- Active: 1940–1944
- Country: Nazi Germany
- Branch: Army
- Type: Infantry
- Size: Division
- Garrison/HQ: Konstanz
- Engagements: Second World War Battle of Kursk; Battle of the Dnieper; Nikopol–Krivoi Rog Offensive; Odessa Offensive; Second Jassy–Kishinev Offensive;

= 335th Infantry Division (Wehrmacht) =

The 335th Infantry Division (335. Infanterie-Division) was an infantry division of the German Army during the Second World War, active from 1940 to 1944. It saw active service in France and on the Eastern Front and was destroyed in fighting in Romania in August 1944.

==Operational history==

The 335th Infantry Division was formed in Konstanz in November 1940 under the command of Generalleutnant Max Dennerlein. The division nominally fell within the responsibility of Wehrkreis V. At its core were three infantry battalions transferred from the 298th Infantry Division while two battalions came from the 197th Infantry Division. The 87th Infantry Division, which had fought in the Battle of France, also transferred a battalion to the 335th. It was one of several static divisions raised for service in the occupied countries of Western Europe. It also had a strong Polish representation.

In mid-1941, the 335th Infantry Division was posted to a position near the border between occupied France and Vichy France. By this time it had reached a strength of over 13,200 personnel. Following the Allied invasion of French North Africa in November 1942, German forces moved into Vichy France in an operation known as Case Anton. As part of this, the 335th, recently converted into an attack division, seized the port of Marseille. After five months in Vichy France, it was transferred to the Eastern Front. It fought in several engagements against the Soviets, including the battles at Kursk and along the Dnieper. Generalmajor Karl Casper, who had taken over command of the division from Dennerlein just prior to Case Anton, was wounded during the fighting at the Dnieper and was replaced by Oberst Siegfried Rasp.

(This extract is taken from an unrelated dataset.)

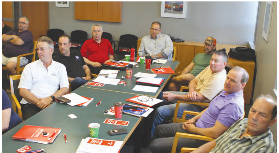
Local Leadership and National Representatives from the Windsor, Chatham and Sarnia areas are being updated on current campaigns within Ontario from the Ontario Regional Council.

By January 1944, the division's losses were such that it numbered only 4,300 or so personnel. Transferred to Romania later that year, it received some personnel from the recently disbanded 5th Field Division (L). In Romania it was involved in the Second Jassy–Kishinev Offensive, the Soviet Army's offensive of August 1944 in the eastern part of the country. The division, commanded by Oberst Eugen Franz Brechtel, was destroyed and its survivors surrendered to the Soviets.

==Commanders==
- Generalleutnant Max Dennerlein (15 November 1940 – 26 October 1942);
- Generalmajor Karl Casper (27 October 1942 – 6 September 1943);
- Oberst Siegfried Rasp (7 September 1943 – 29 June 1944);
- Oberst Eugen Franz Brechtel (30 June – August 1944). (MIA).